Exercise brief
Return the data below exactly, but only from the line containing "zawsze zaczynamy montaż" through the line containing "unlabeled control (black).", with both of those lines included.

Input
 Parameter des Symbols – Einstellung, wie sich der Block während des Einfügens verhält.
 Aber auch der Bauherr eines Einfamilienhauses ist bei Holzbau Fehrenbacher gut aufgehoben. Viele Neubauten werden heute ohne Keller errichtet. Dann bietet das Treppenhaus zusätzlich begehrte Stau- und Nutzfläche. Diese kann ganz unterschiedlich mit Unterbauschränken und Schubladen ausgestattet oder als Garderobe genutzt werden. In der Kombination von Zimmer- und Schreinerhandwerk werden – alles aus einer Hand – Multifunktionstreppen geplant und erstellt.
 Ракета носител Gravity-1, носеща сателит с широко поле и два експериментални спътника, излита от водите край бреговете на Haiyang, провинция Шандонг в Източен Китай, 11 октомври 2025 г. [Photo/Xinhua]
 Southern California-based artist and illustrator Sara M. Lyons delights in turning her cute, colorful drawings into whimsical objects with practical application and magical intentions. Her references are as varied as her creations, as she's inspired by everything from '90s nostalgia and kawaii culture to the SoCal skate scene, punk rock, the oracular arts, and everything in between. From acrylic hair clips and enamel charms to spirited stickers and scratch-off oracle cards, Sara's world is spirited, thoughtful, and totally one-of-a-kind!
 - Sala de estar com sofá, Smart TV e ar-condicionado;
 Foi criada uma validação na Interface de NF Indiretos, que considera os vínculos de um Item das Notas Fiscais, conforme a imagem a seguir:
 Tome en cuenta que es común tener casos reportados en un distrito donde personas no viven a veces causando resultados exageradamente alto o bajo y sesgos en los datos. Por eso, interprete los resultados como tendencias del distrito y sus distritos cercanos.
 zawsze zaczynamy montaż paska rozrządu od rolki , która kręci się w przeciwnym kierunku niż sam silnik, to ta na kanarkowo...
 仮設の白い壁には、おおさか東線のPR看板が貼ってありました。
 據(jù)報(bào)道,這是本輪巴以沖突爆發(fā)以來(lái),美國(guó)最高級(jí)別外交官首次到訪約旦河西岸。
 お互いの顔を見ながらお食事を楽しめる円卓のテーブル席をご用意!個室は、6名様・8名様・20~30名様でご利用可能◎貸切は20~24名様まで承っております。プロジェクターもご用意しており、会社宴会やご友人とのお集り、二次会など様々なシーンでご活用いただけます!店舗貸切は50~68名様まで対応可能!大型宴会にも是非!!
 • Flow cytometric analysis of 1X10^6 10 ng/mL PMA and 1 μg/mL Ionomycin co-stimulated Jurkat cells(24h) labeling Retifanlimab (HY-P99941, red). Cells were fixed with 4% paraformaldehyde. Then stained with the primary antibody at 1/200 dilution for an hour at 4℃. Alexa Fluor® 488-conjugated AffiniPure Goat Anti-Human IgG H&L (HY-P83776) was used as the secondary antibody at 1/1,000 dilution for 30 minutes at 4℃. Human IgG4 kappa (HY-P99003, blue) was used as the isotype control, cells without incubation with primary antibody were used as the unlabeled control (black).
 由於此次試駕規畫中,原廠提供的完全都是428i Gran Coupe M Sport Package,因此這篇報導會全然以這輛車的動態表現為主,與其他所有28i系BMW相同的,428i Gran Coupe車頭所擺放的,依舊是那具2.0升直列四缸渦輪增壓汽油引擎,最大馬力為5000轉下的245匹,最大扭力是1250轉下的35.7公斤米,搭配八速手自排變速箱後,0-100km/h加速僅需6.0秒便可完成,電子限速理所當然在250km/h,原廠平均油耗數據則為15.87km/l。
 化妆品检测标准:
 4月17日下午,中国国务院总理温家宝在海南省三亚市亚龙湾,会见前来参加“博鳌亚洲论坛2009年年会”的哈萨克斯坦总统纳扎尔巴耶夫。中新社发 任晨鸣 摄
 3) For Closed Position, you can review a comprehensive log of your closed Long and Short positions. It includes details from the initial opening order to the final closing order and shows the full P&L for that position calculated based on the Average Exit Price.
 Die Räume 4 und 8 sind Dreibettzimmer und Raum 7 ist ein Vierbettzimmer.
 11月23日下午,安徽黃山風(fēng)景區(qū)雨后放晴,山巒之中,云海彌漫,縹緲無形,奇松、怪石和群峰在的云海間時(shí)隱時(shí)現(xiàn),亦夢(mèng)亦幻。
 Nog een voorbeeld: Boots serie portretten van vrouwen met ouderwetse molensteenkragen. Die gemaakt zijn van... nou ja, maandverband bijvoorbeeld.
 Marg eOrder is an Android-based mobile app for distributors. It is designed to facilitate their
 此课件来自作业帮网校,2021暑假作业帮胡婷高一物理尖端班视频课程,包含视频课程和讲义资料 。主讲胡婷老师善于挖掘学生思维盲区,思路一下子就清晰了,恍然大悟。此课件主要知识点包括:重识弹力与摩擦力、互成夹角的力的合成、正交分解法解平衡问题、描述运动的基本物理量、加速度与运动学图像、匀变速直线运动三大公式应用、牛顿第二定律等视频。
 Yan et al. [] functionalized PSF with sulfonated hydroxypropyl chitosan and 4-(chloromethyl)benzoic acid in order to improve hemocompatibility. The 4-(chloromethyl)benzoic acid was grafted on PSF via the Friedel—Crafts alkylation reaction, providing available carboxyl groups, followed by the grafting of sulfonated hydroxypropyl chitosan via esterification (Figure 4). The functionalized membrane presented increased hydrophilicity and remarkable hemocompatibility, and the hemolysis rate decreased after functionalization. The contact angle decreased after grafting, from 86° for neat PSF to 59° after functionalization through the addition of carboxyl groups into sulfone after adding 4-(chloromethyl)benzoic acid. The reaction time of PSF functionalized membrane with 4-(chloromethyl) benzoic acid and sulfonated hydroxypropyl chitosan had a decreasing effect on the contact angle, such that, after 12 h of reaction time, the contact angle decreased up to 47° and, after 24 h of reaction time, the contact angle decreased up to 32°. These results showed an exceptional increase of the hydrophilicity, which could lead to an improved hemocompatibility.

Output below
 zawsze zaczynamy montaż paska rozrządu od rolki , która kręci się w przeciwnym kierunku niż sam silnik, to ta na kanarkowo...
 仮設の白い壁には、おおさか東線のPR看板が貼ってありました。
 據(jù)報(bào)道,這是本輪巴以沖突爆發(fā)以來(lái),美國(guó)最高級(jí)別外交官首次到訪約旦河西岸。
 お互いの顔を見ながらお食事を楽しめる円卓のテーブル席をご用意!個室は、6名様・8名様・20~30名様でご利用可能◎貸切は20~24名様まで承っております。プロジェクターもご用意しており、会社宴会やご友人とのお集り、二次会など様々なシーンでご活用いただけます!店舗貸切は50~68名様まで対応可能!大型宴会にも是非!!
 • Flow cytometric analysis of 1X10^6 10 ng/mL PMA and 1 μg/mL Ionomycin co-stimulated Jurkat cells(24h) labeling Retifanlimab (HY-P99941, red). Cells were fixed with 4% paraformaldehyde. Then stained with the primary antibody at 1/200 dilution for an hour at 4℃. Alexa Fluor® 488-conjugated AffiniPure Goat Anti-Human IgG H&L (HY-P83776) was used as the secondary antibody at 1/1,000 dilution for 30 minutes at 4℃. Human IgG4 kappa (HY-P99003, blue) was used as the isotype control, cells without incubation with primary antibody were used as the unlabeled control (black).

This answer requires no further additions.